Yes. So VS Code is an IDE written by Microsoft. There is a licensed version of it from Microsoft, and then there's an open source version. And so VS Code is a really great IDE. It's good for Python. It's common in the Python ecosystem. And so that's kind of the primary reason. RStudio does have a bunch of Python features, but it is definitely not a Python-first kind of ecosystem. But the other thing is that VS Code is something that can be built on top of.
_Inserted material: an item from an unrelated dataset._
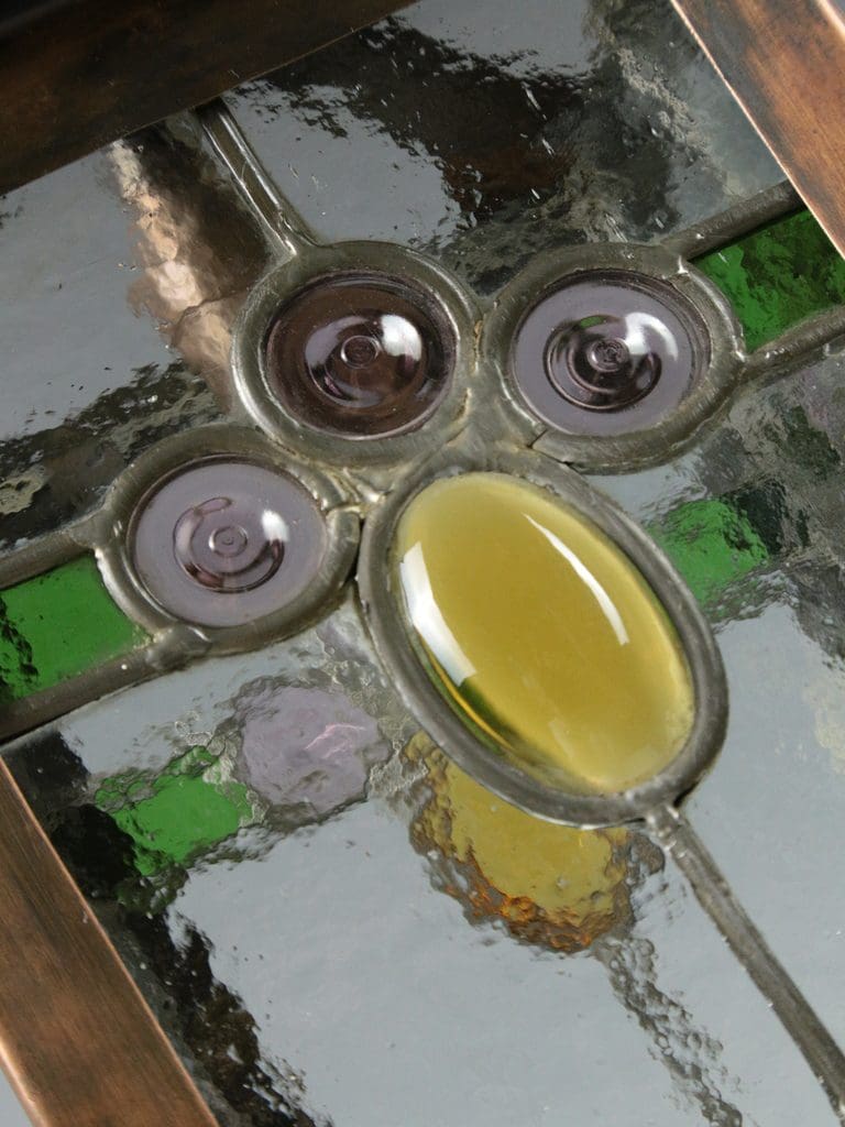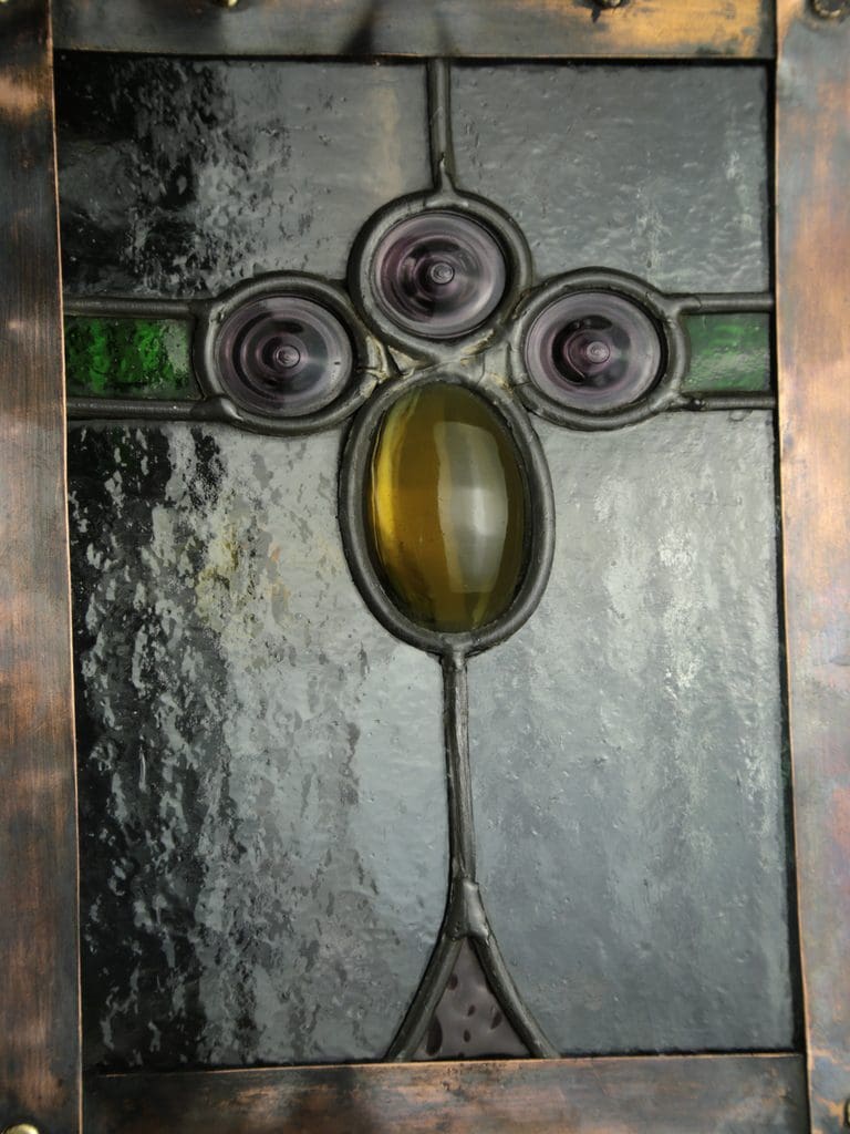 The leaded glass panels on all four sides are meticulously crafted, adding a touch of elegance. The unique patterns and textures of the glass beautifully diffuse light, creating a warm and inviting ambiance.

And so that's where you have all of these extensions.

So to answer the question there in the chat, you can install extensions if you want. There's actually some cool features inside of GitHub where you can install a bunch of your default extensions for your user and stuff like that. But VS Code is sort of bare without extensions. And so you add all these extensions, and that's something that Posit we're working towards is trying to make an IDE that has all of the goodness of VS Code without the kind of DIY you have to build your own IDE from it. And so that's Positron.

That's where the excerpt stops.